Hahn Georg, Cho Michael H, Weiss Scott T, Silverman Edwin K, Lange Christoph
bioRxiv. 2020 Jun 30:2020.06.22.165936. doi: 10.1101/2020.06.22.165936.
Research efforts of the ongoing SARS-CoV-2 pandemic have focused on viral genome sequence analysis to understand how the virus spread across the globe. Here, we assess three recently identified SARS-CoV-2 genomes in Beijing from June 2020 and attempt to determine the origin of these genomes, made available in the GISAID database. The database contains fully or partially sequenced SARS-CoV-2 samples from laboratories around the world. Including the three new samples and excluding samples with missing annotations, we analyzed 7, 643 SARS-CoV-2 genomes. Using principal component analysis computed on a similarity matrix that compares all pairs of the SARS-CoV-2 nucleotide sequences at all loci simultaneously, using the Jaccard index, we find that the newly discovered virus genomes from Beijing are in a genetic cluster that consists mostly of cases from Europe and South(east) Asia. The sequences of the new cases are most related to virus genomes from a small number of cases from China (March 2020), cases from Europe (February to early May 2020), and cases from South(east) Asia (May to June 2020). These findings could suggest that the original cases of this genetic cluster originated from China in March 2020 and were re-introduced to China by transmissions from samples from South(east) Asia between April and June 2020.

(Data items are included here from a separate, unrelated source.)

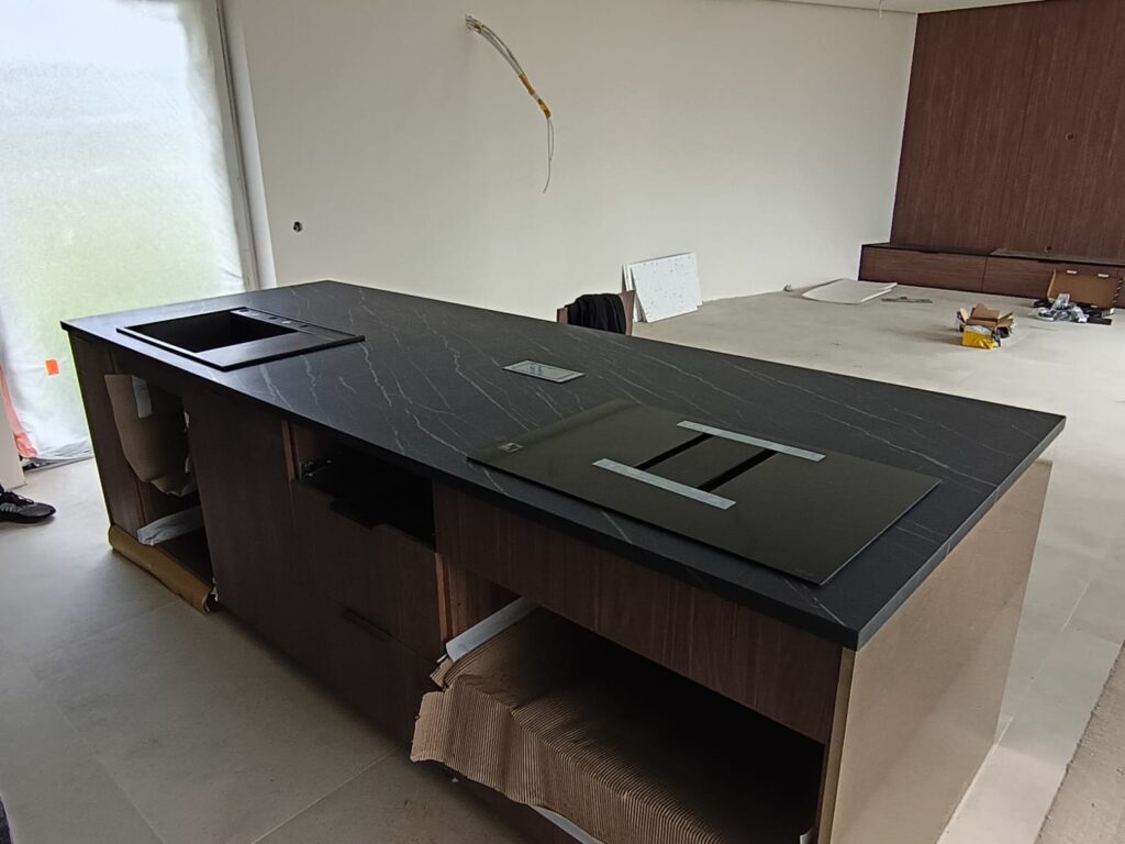 Bei unserem Kunden haben wir Arbeitsplatten aus Feinsteinzeug Franko Saint Laurent Delux montiert. Dieses Material zeichnet sich durch außergewöhnliche Eleganz und Langlebigkeit aus und fügt sich perfekt in moderne Wohnräume ein. Die Arbeitsplatten überzeugen nicht nur durch ihr zeitloses, von Naturstein inspiriertes Design, sondern auch durch ihre hohe Widerstandsfähigkeit gegen mechanische Belastungen, Feuchtigkeit und hohe Temperaturen. So erhält die Küche sowohl einen repräsentativen Charakter als auch eine praktische Lösung für viele Jahre.
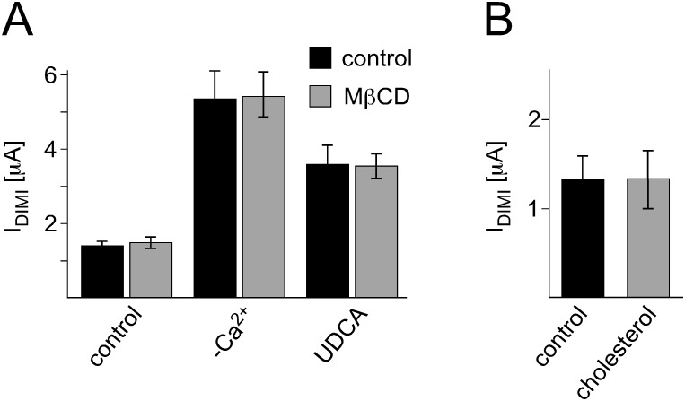 Figure 6. Cholesterol does not affect rBASIC activity.A) Removal of cholesterol does not influence rBASIC activity. Quantitative comparison of DIMI-sensitive rBASIC currents from oocytes that were incubated in low Na+ OR-2 medium containing 20 mM MβCD (grey bars) or 20 mM mannitol (control, black bars) for approximately 2 h prior to recordings. Current amplitudes in the absence of any stimulus (control), in the absence of extracellular Ca2+ (−Ca2+) and in the presence of 2 mM UDCA are shown. B) Addition of cholesterol does not influence rBASIC activity. Quantitative comparison of DIMI-sensitive rBASIC current amplitudes before (black bar) and after 10 sec application of 2 mM MβCD-balanced water-soluble cholesterol (grey bar). Error bars represent SEM, n = 8. |
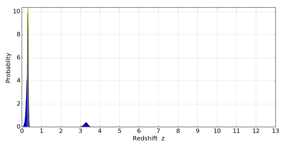 In P(z) plots: Yellow lines mark the cluster redshift z = 0.307,
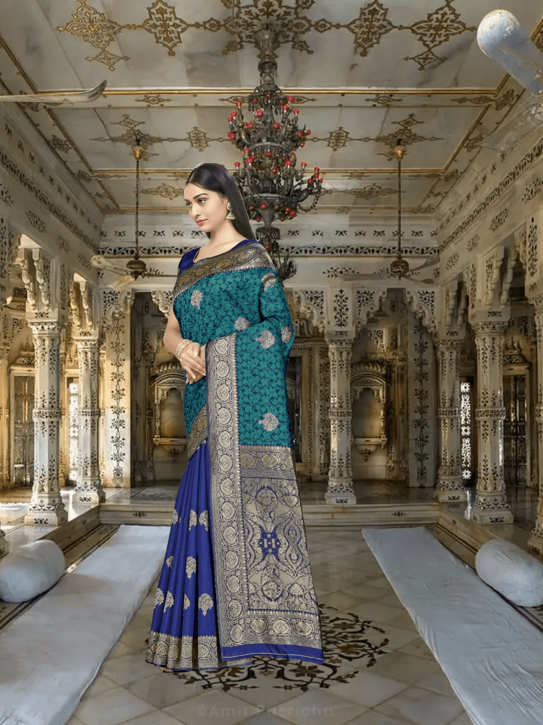 For the woman who wears divinity, this Banarasi is Varuna’s ocean meeting Rama’s forest. The abyssal blue melts into emerald not at a seam, but in liquid chromatic warfare, while the gold borders don’t just shine—they carve space like vajra weapons.
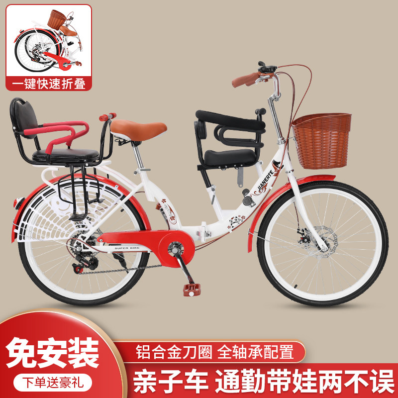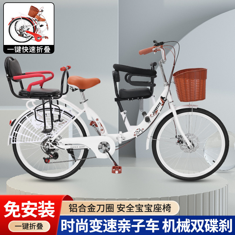 女式 自行车母子带娃接送孩子带小孩带儿童座椅单车 碟刹折叠亲子款
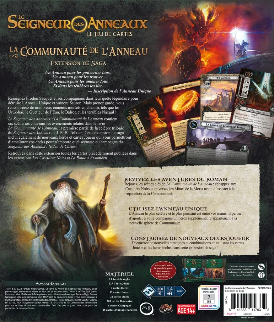 Découvrez le début du voyage pour détruire l’Anneau Unique dans l’extension The Fellowship of the Ring Saga pour Le Seigneur des Anneaux : Le Jeu de Cartes ! Cette extension contient six scénarios recréant les aventures du premier volet de la légendaire saga Le Seigneur des Anneaux. Vous trouverez également plus de 50 cartes de héros et de joueurs, qui peuvent être utilisées pour construire ou améliorer vos decks pour n’importe quel scénario ou campagne Le Seigneur des Anneaux : Le Jeu de Cartes !
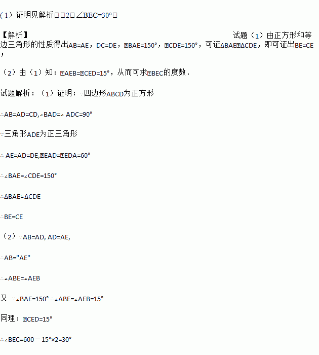 (题文)如图,在正方形ABCD的外侧,作等边三角形ADE,连接BE,CE.

针对当前新型冠状病毒肺炎疫情的研究工作主要集中在病毒基因组序列分析上,以了解病毒是如何在全球传播的。在此,我们评估了2020年6月在北京新发现的三个新型冠状病毒基因组,并试图确定这些基因组的来源,这些基因组已在全球共享流感数据倡议组织(GISAID)数据库中公布。该数据库包含来自世界各地实验室的新型冠状病毒全序列或部分序列样本。包括这三个新样本并排除注释缺失的样本后,我们分析了7643个新型冠状病毒基因组。使用基于相似性矩阵计算的主成分分析,该矩阵使用杰卡德指数同时比较所有位点上新型冠状病毒核苷酸序列的所有配对,我们发现北京新发现的病毒基因组处于一个遗传簇中,该遗传簇主要由来自欧洲和东南亚的病例组成。这些新病例的序列与来自中国少数病例(2020年3月)、欧洲病例(2020年2月至5月初)以及东南亚病例(2020年5月至6月)的病毒基因组关系最为密切。这些发现可能表明,这个遗传簇的原始病例于2020年3月起源于中国,并在2020年4月至6月期间通过东南亚样本的传播再次传入中国。